In compositions with three bands and two camera displacements, there are 14 possible combinations of displacements on the horizontal and vertical axes. According to PSNR, 1-pixel or 3-pixel displacements on both axes result in a less noisy reconstruction. SSIM shows that the structural reconstruction is almost equivalent in most cases. Moving along the same axis results in higher spectral similarity and fewer reconstruction errors, as indicated by SAM and RMSE. Visual results show increased sharpness for displacements on the same axis, but decreased sharpness for displacements of 1 pixel on both axes and 3 pixels on both axes. In conclusion, displacements on the same axis provide an optimal compromise between the structural and spectral quality of the reconstruction. At the same time, other configurations offer specific advantages and disadvantages in terms of noise reduction and visual sharpness.

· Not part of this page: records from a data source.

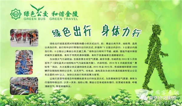 南京公交集团在江苏省交通运输厅,市委市政府,南京市交通运输局,南京市城建集团的领导下,创新思路,率先在省内推广应用新能源公交车。倡导绿色低碳交通出行,节能减排成效突出,成为南京市环保队伍中一道亮丽的移动风景线。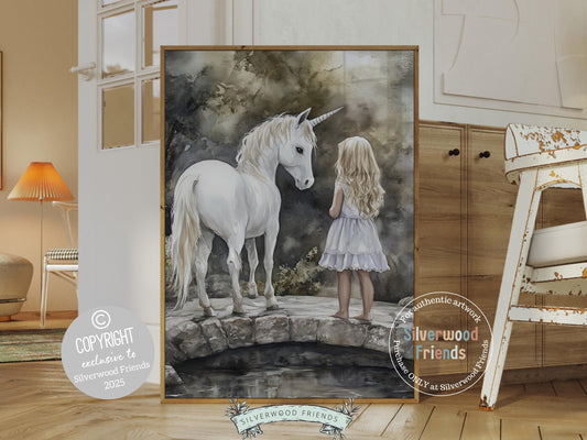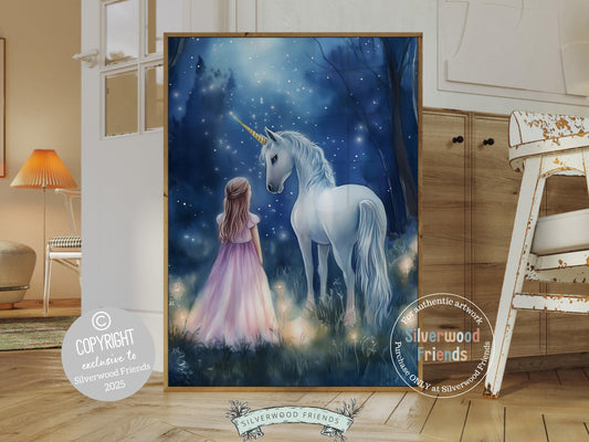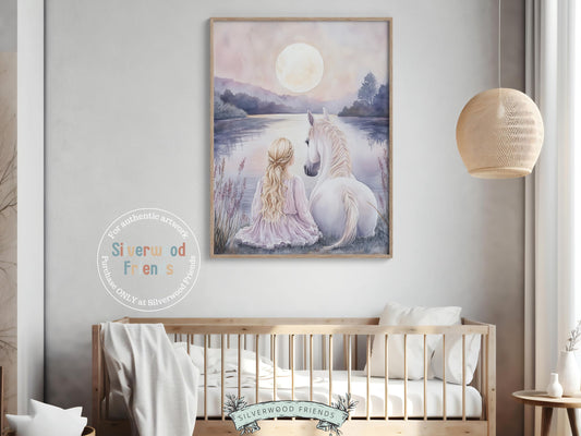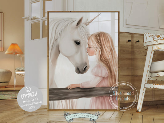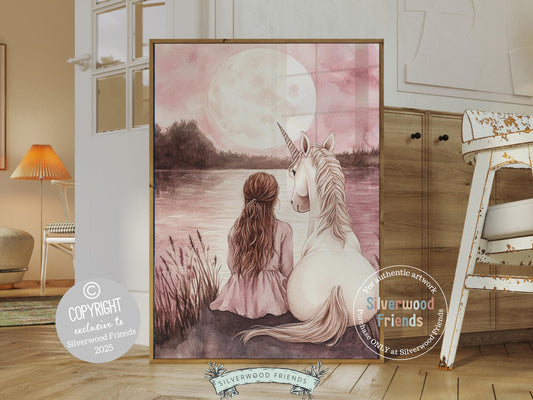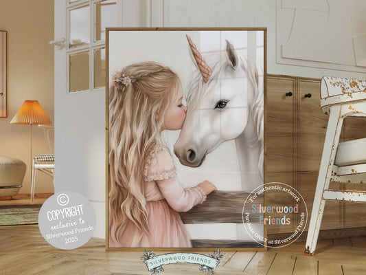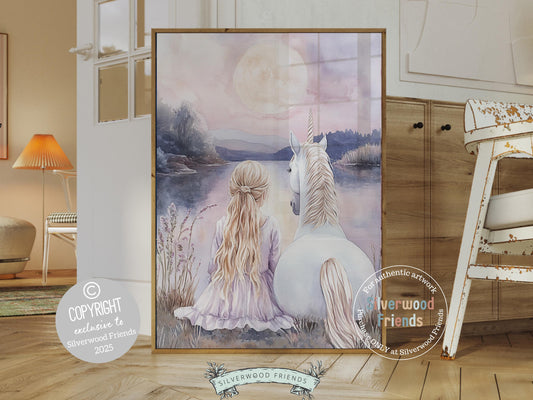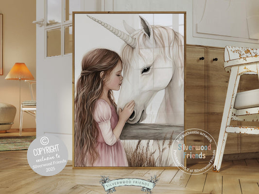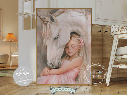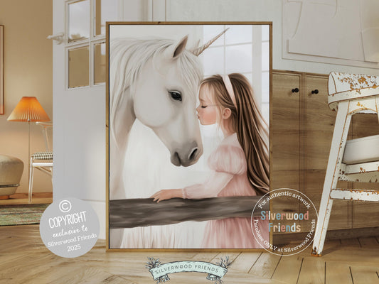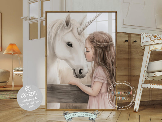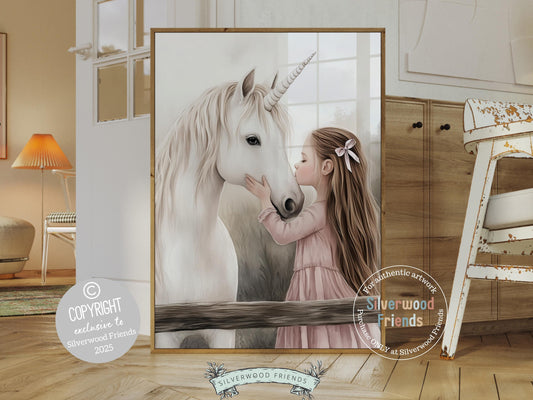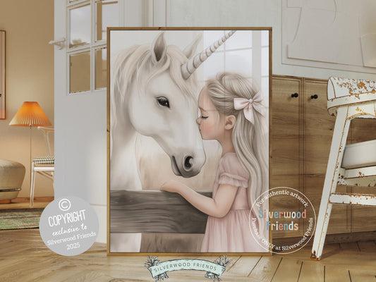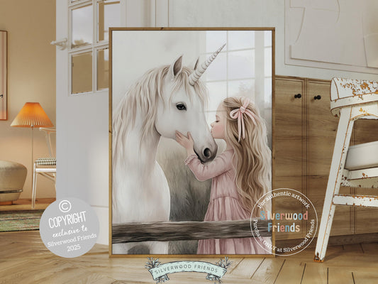 Little Girl Unicorn Nursery Print - 008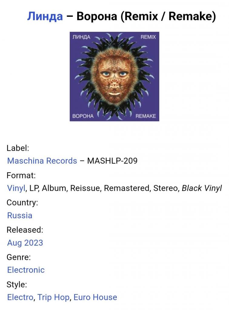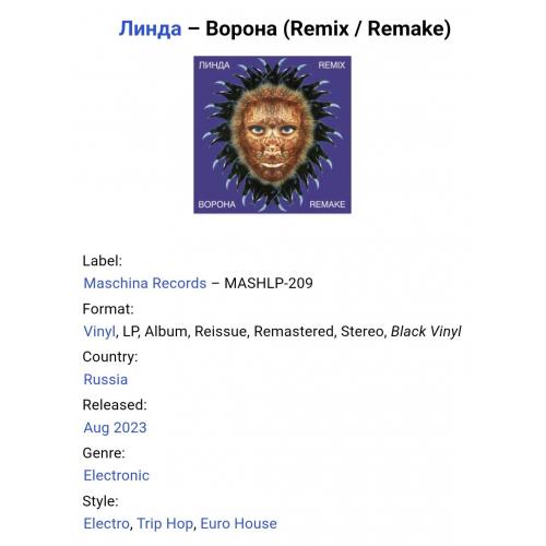 Вінілова платівка. Другий, в дискографії, студійний, альбом реміксів, Казахської (російської) виконавиці стилів інді-рок, тріп-рок, електро поп, нью ейдж, готік рок, Світлани Гейман, більше відомої під сценічним ім,ям Лінда (Ворона. Remix & Remake) 1997. Випуск фірми (Maschina Records) Estonia, 2023-ій рік. Лімітований тираж (Limited Edition). Видання нове, запаковане. Категорія S/S. Відправка по Україні службами доставки: Нова Пошта, Укр Пошта, Делівері. Також відправляємо посилки за кордон по цілому світу.

The visual results obtained are very close to the reference image for four-band compositions with three camera displacements, with 10 possible combinations. This suggests a satisfactory ability to reconstruct images with a high level of visual fidelity, although the metrics show less good results than in the case of the three-band composition. However, the implementation of this type of shift is not directly feasible in a real-time acquisition system due to the increased complexity of the camera shift. Therefore, the use of this type of composition is not necessary in real-time acquisition systems. Nevertheless, the displacements of this type of composition on the same axis show excellent visual results. This observation suggests that a limited camera displacement for this type of composition may be sufficient to significantly improve the quality of reconstructed images without requiring the excessive complexity of a bi-axial composition. In conclusion, four-band compositions can produce satisfactory visual results, but their practical implementation in a real-time acquisition system is limited due to their displacement complexity. However, simpler strategies, such as moving along the same axis, can provide significant improvements while reducing the difficulty of operational feasibility.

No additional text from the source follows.